Former neurosurgeon Dr. Russell Blaylock has highlighted a number of studies linking prolonged mask use to headaches and lowered blood oxygen levels, which can reduce the immune system.
A man wears a face mask with David Star at the Nachlaot Neighborhood in Jerusalem on April 12, 2020. A full closure on 17 Jerusalem Neighborhoods went into effect today at noon in efforts to contain the spread of the coronavirus.
(photo credit: NATI SHOCHAT/FLASH 90)
Could the requirement to wear masks in public to prevent the spread of the coronavirus be doing more harm than good to people’s health?
A retired neurosurgeon believes so, pointing toward studies that found that wearing masks for prolonged periods can cause serious side effects.
In an article published by Technocracy News, Dr. Russell Blaylock wrote that the side effects from prolonged wearing of a face mask “can vary from headaches, to increased airway resistance, carbon dioxide accumulation, to hypoxia, all the way to serious life-threatening complications.”
The side effects differ between cloth or paper surgical masks and N95 respirator masks because the N95, being a more effective filter, also limits breathing to a greater degree, and is therefore more commonly associated with headaches, Blaylock reported.
He highlighted one study of 212 healthcare workers who were asked to report on the presence of headaches while using the N95 mask, including the duration of the headache, the type of headache, and whether the person had pre-existing headaches. The study found that around a third of workers developed headaches when using the N95 mask, the majority had pre-existing headaches that were made worse by the use of the mask, and around three in five required pain medication to relieve the headache.
And although tight straps or pressure from the mask were considered as potential causes, the evidence pointed to the headaches being caused by reduced blood oxygenation, or an increase in carbon dioxide in the blood.
“It is known that the N95 mask, if worn for hours, can reduce blood oxygenation as much as 20%,” Blaylock wrote. This, he said, “can lead to a loss of consciousness, as happened to the hapless fellow driving around alone in his car wearing an N95 mask, causing him to pass out, and to crash his car and sustain injuries. I am sure that we have several cases of elderly individuals or any person with poor lung function passing out, hitting their head. This, of course, can lead to death.”
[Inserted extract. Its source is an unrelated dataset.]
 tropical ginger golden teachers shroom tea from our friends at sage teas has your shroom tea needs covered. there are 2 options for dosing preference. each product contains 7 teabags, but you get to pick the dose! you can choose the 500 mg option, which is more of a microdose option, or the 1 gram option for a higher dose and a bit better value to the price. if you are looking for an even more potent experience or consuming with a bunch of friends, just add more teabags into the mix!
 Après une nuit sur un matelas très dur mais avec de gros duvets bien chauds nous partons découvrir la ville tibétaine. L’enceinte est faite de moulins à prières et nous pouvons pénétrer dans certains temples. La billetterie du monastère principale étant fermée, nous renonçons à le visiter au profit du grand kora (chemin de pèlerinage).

A more recent study of 159 healthcare workers between the ages of 21 and 35 found that 81% developed headaches through the use of face masks, to the level at which their work performance was affected.
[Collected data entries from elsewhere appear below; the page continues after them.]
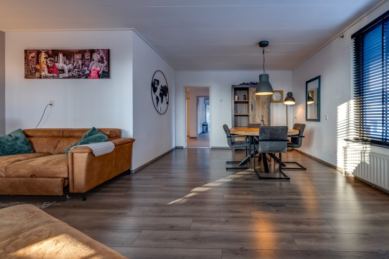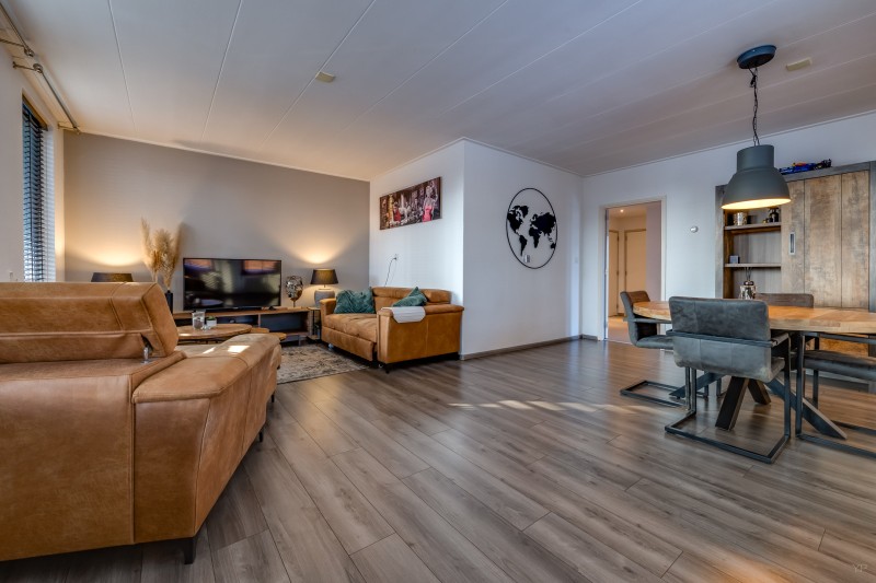 Bij binnenkomst valt direct de ruimte op. De lichte L-vormige woonkamer biedt een fraai uitzicht op het kanaal en vormt samen met de moderne woonkeuken een fijne leefruimte. De woning beschikt daarnaast over een slaap- c.q. hobbykamer en badkamer op de begane grond, ideaal voor levensloopbestendig wonen of voor wie graag extra werkruimte nodig heeft.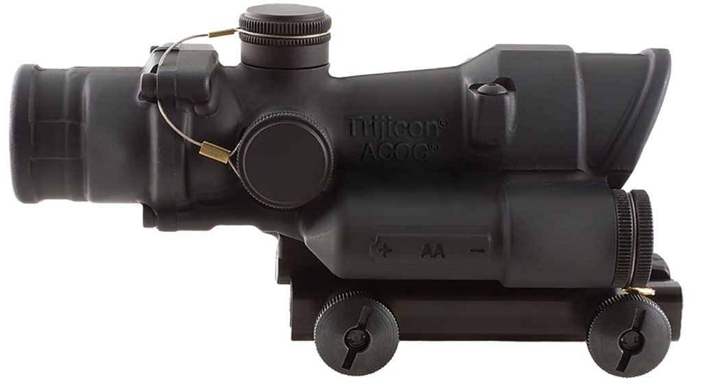Trijicon’s ACOG is a fixed power, compact riflescope with an illuminated reticle pattern for use in bright to low/no light with legendary durability and reliability. Featuring forged 7075-T6 aircraft-aluminum-alloy housing, multi-coated lenses, fog/waterproof and shock-resistant, proven to withstand recoil from 22LR up to 50 BMG, and easily passes U.S. military drop test requirements. Includes a thumbscrew flattop adaptor, AA battery, LENSPEN, lanyard assembly for adjuster caps and battery cap, Trijicon logo sticker, ACOG manual and warranty card.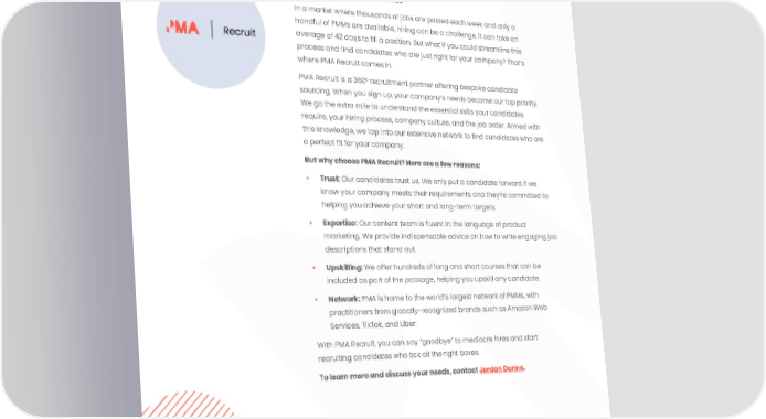 25 Navigating today’s product marketing landscape Hire a product marketer In a market where thousands of jobs are posted each week and only a handful of PMMs are available, hiring can be a challenge. It can take an Recruit average of 42 days to fill a position. But what if you could streamline this process and find candidates who are just right for your company? That’s where PMA Recruit comes in. PMA Recruit is a 360° recruitment partner offering bespoke candidate sourcing. When you sign up, your company’s needs become our top priority. We go the extra mile to understand the essential skills your candidates require, your hiring process, company culture, and the job order. Armed with this knowledge, we tap into our extensive network to find candidates who are a perfect fit for your company. But why choose PMA Recruit? Here are a few reasons: • Trust: Our candidates trust us. We only put a candidate forward if we know your company meets their requirements and they’re committed to helping you achieve your short and long-term targets. • Expertise: Our content team is fluent in the language of product marketing. We provide indispensable advice on how to write engaging job descriptions that stand out. • Upskilling: We offer hundreds of long and short courses that can be included as part of the package, helping you upskill any candidate. • Network: PMA is home to the world’s largest network of PMMs, with practitioners from globally-recognized brands such as Amazon Web Services, TikTok, and Uber. With PMA Recruit, you can say “goodbye” to mediocre hires and start recruiting candidates who tick all the right boxes. To learn more and discuss your needs, contact Jordan Dunne.
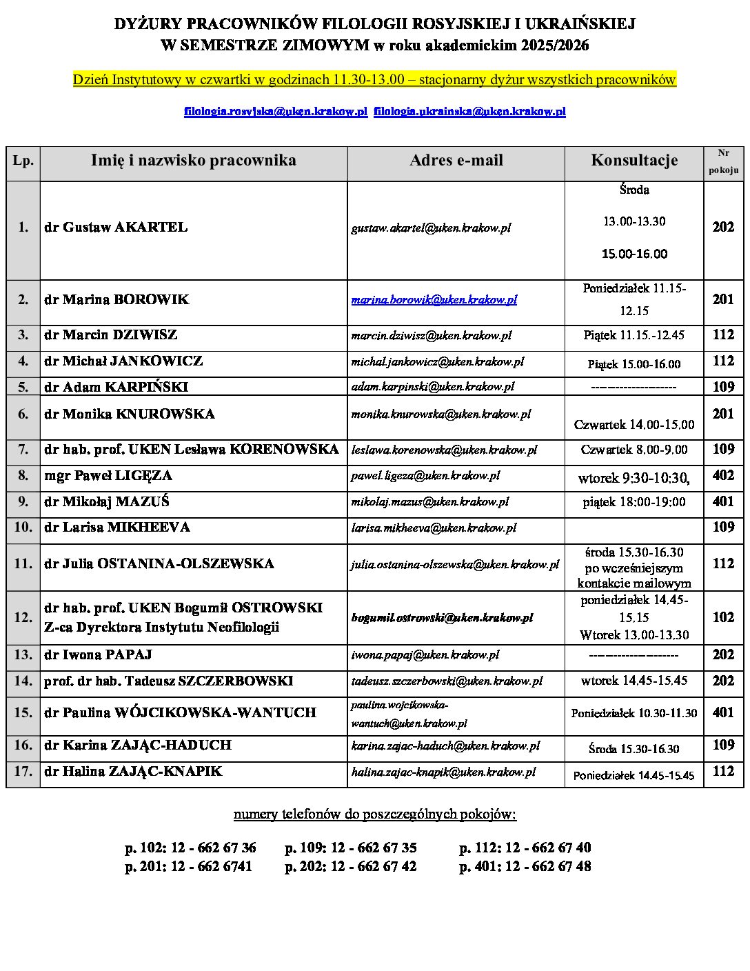Zajęcia dydaktyczne dla wszystkich studentów filologii ro -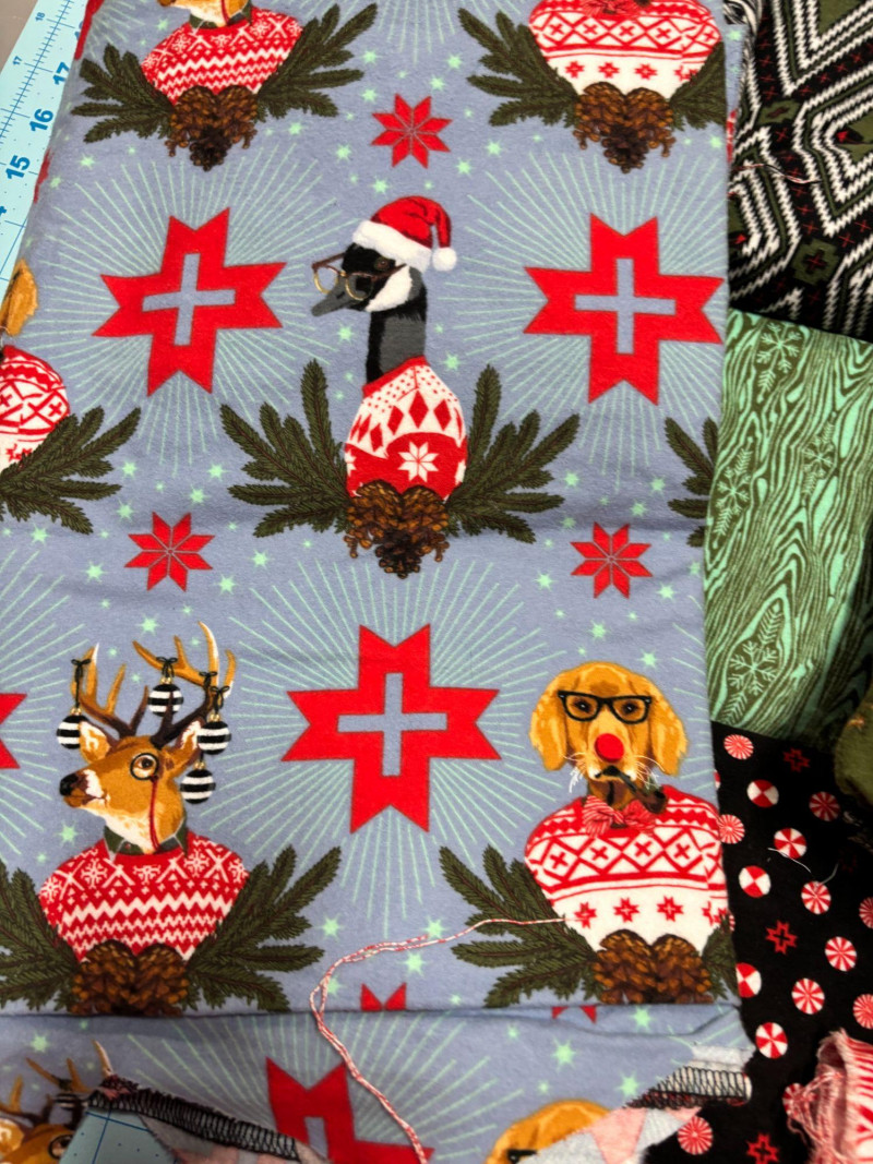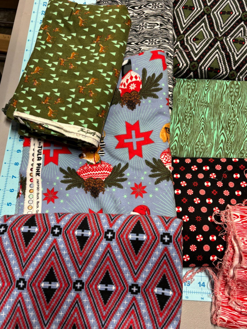 SHIPPABLE Fantastic large lot of Tula Pink Holiday Homies flannel fabric — perfect for winter quilts, holiday projects, and collectors of Tula Pink prints! This bundle features multiple coordinating prints from the popular Holiday Homies line, including festive holiday motifs, geometric patterns, and classic seasonal colorways in reds, greens, black, and cream. Soft, cozy flannel makes this ideal for quilts, throws, pajamas, and seasonal décor projects. Details: Tula Pink Holiday Homies collection Flannel fabric Multiple yard cuts (varied lengths) Coordinating prints and patterns Pre-owned stash fabric, neatly folded Condition: Perfect for: Holiday quilts Christmas gifts Winter sewing projects Tula Pink collectors Cozy flannel patchwork A beautiful, hard-to-find seasonal collection offered in one generous bundle!

And a third study measured the blood oxygen of 53 surgeons using an oximeter before and after surgery.
“The researchers found that the mask reduced the blood oxygen levels (pa02) significantly. The longer the duration of wearing the mask, the greater the fall in blood oxygen levels,” Blaylock wrote.
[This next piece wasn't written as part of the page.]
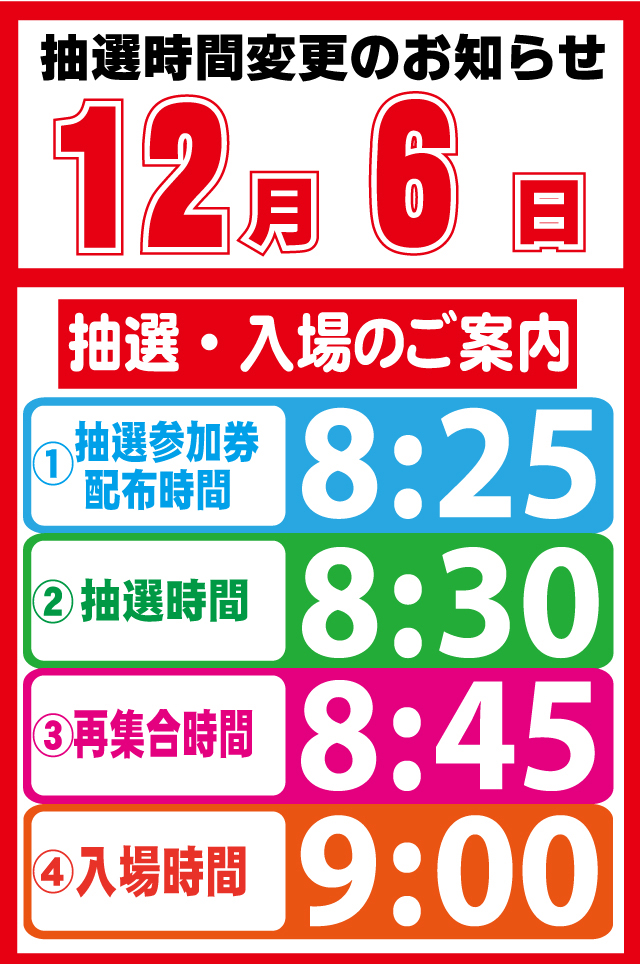 正面入口にて午前8時40分(混雑時は8時30分)に入場順番決めの抽選を行います。その後は並び順での入場となります。 |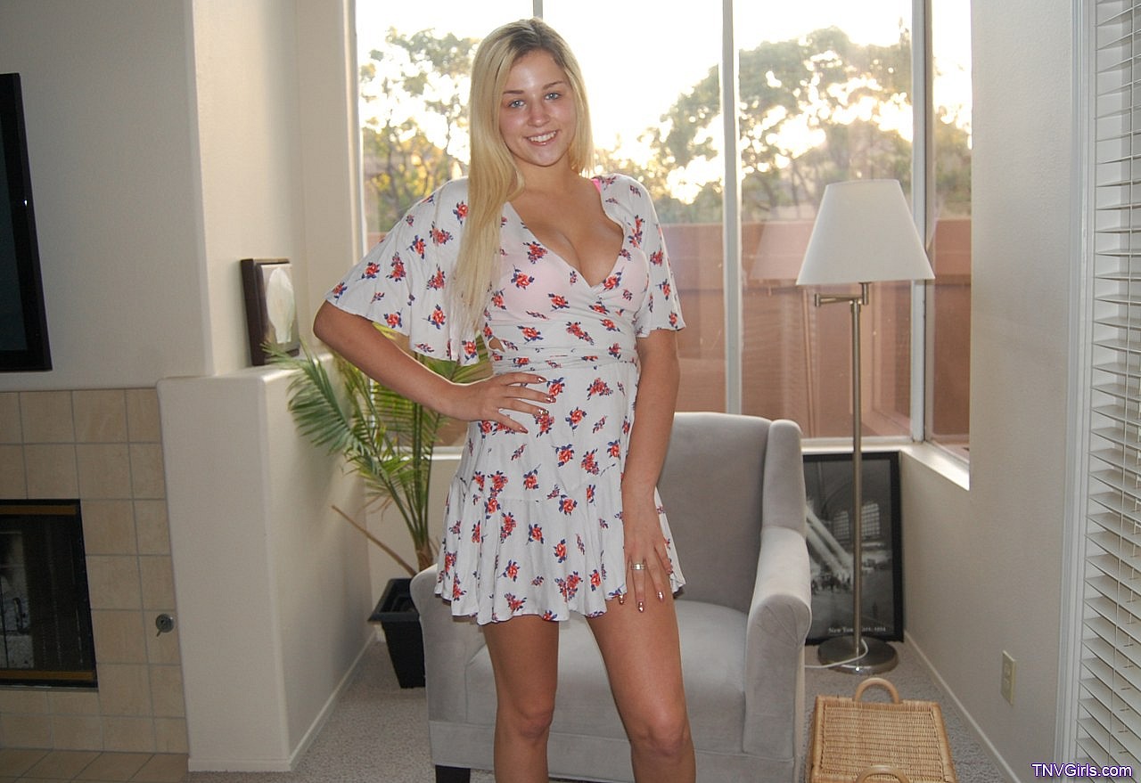 Sophia Lux loves posing by the window in her flower dress and cotton panties before she goes fully naked on TNV Girls.

The potential for masks to reduce oxygen levels in the wearer are important not only because this can lead to passing out, but also because lower oxygen levels have been linked to reduced natural immunity.
“In essence, your mask may very well put you at an increased risk of infections, and if so, having a much worse outcome,” Blaylock wrote.
Little is definitively known about how effective the use of masks is in controlling the spread of COVID-19 because no studies have yet been carried out specifically upon the coronavirus and use of masks,
From the outset of the pandemic it has been assumed that the coronavirus behaves like other respiratory viruses in terms of spread as well as symptoms. However, Dr Blaylock points to a 2012 study titled, “The use of masks and respirators to prevent transmission of influenza: A systematic review of the scientific evidence,” which looked at 17 of the best studies in the field and concluded: “None of the studies established a conclusive relationship between mask/respirator use and protection against influenza infection.”
He also highlights that both the Center for Disease Control and Prevention (CDC) and the World Health Organisation initially recommended that only those already known to be infected with the coronavirus need wear a mask, to limit the spread to others, a policy which is considered good practice in other diseases also.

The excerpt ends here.